Depending on your research question, some variations of coding of the same variable may be better to use than others.
Test if views of scientists (V162112) depend on political party (V161019).
What is the Null Hypothesis?
What is the alternative hypothesis? What are the DV and IVs?
What happens if we use political party as a 7pt scale from Strong Democrat to Strong Republican (V161158x) instead of political party as a categorical variable? Which one is “better”?

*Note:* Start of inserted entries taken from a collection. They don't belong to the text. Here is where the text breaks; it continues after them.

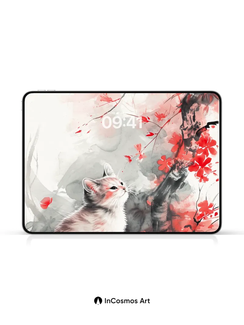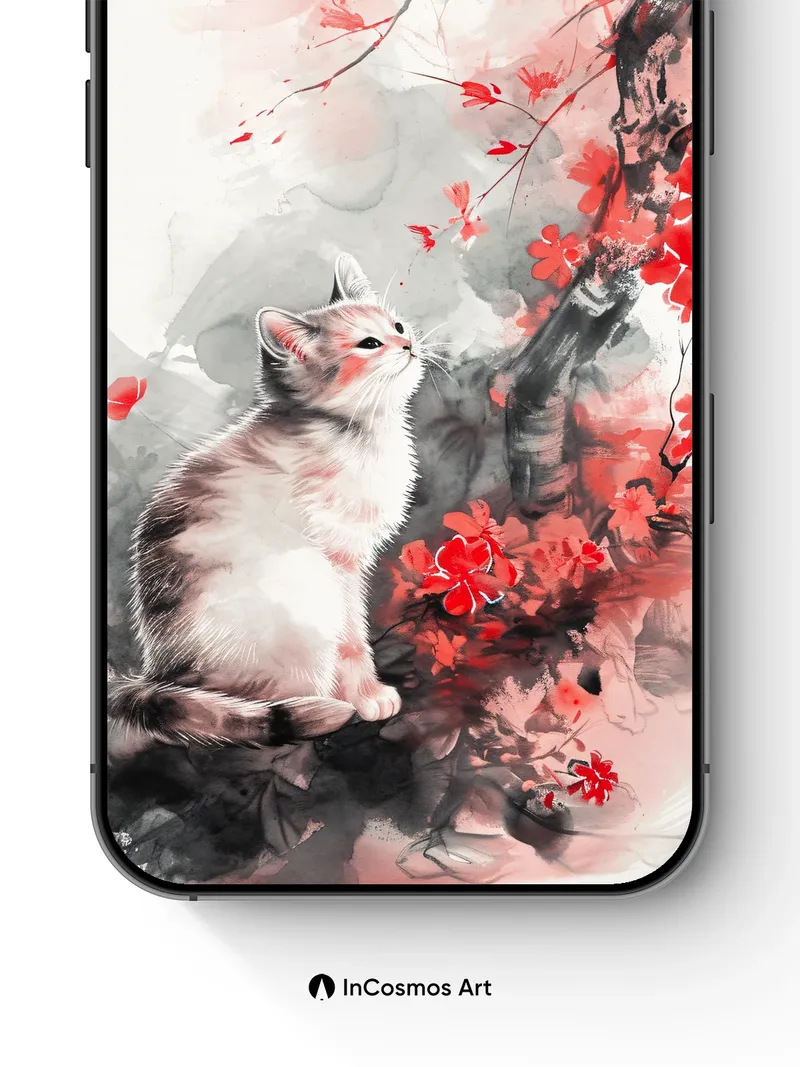 Serenity Cherry Bloom Wallpaper with Whiskered Gaze
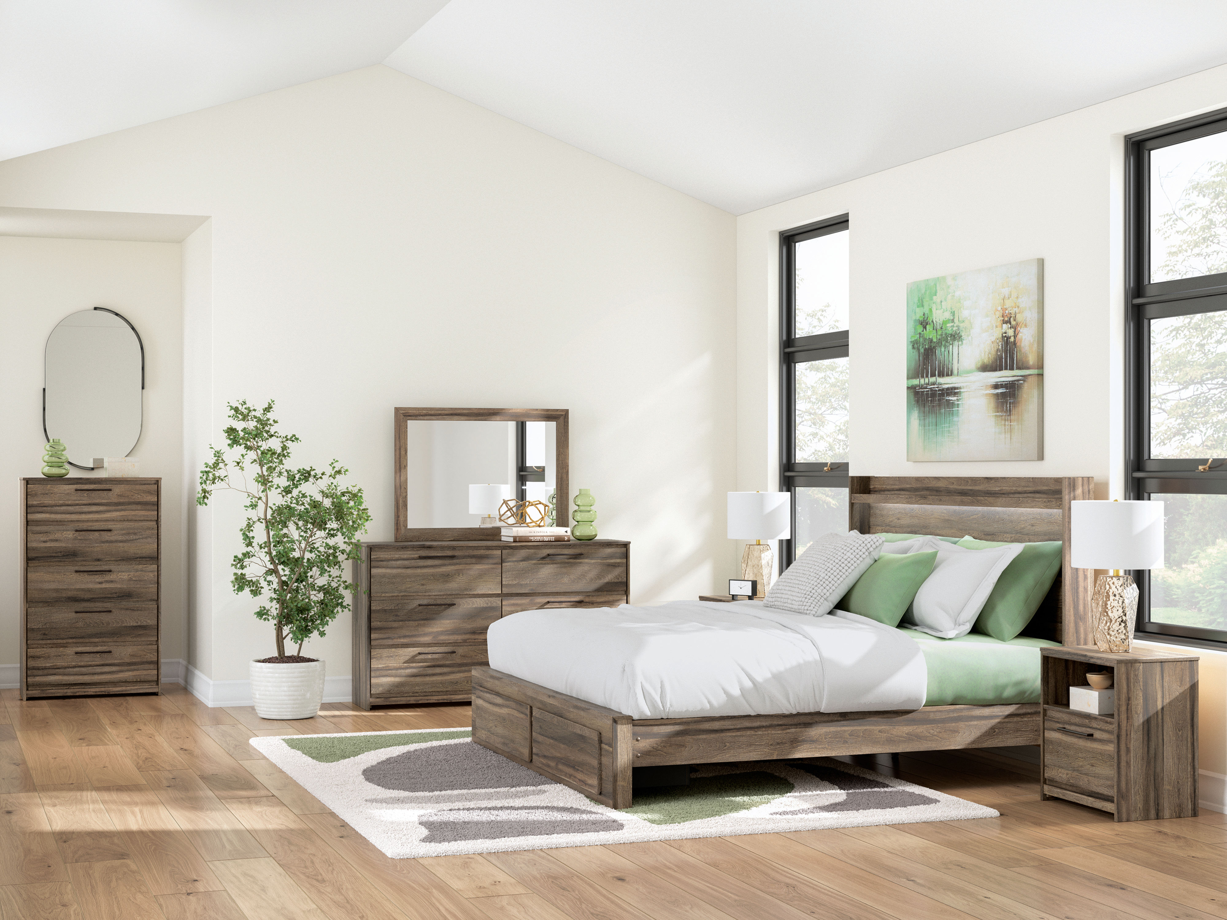 • Includes panel headboard, storage footboard, rails and roll slats
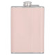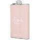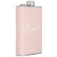 This flask features personalised bridesmaid's name in white modern script font style with title and wedding date in white modern sans serif font style on blush pink background.
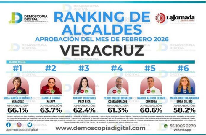 Ciudad de México., 04 marzo 2026.-La prestigiada firma de análisis de mercado y encuestas de opinión “Demoscopia Digital”, reporta en su más reciente estudio de opinión a los alcaldes y alcaldesas mejor evaluadas en el estado de Veracruz en el mes de febrero de 2026, a tan sólo 2 meses de haber iniciado labores.

Interpret the intercept, the coefficient and the r squared.
What is the effect of political party on views of scientists when controlling for education?
Interpret the intercept, the coefficient and the r squared.
What is the effect of political party on views of scientists when controlling for education and age?
Interpret the intercept, the coefficient and the r squared.
Test whether people’s opinion of Trump (V161087) depends on their views of liberals (V162097).
What is the Null Hypothesis?
What is the alternative hypothesis? What are the DV and IVs?
Interpret the intercept, the coefficient and the r squared.
Then add political party as a control variable. Interpret the intercept, the coefficient and the r squared.
Then add having a bachelors degree as a control variable.
Interpret the intercept, the coefficient and the r squared.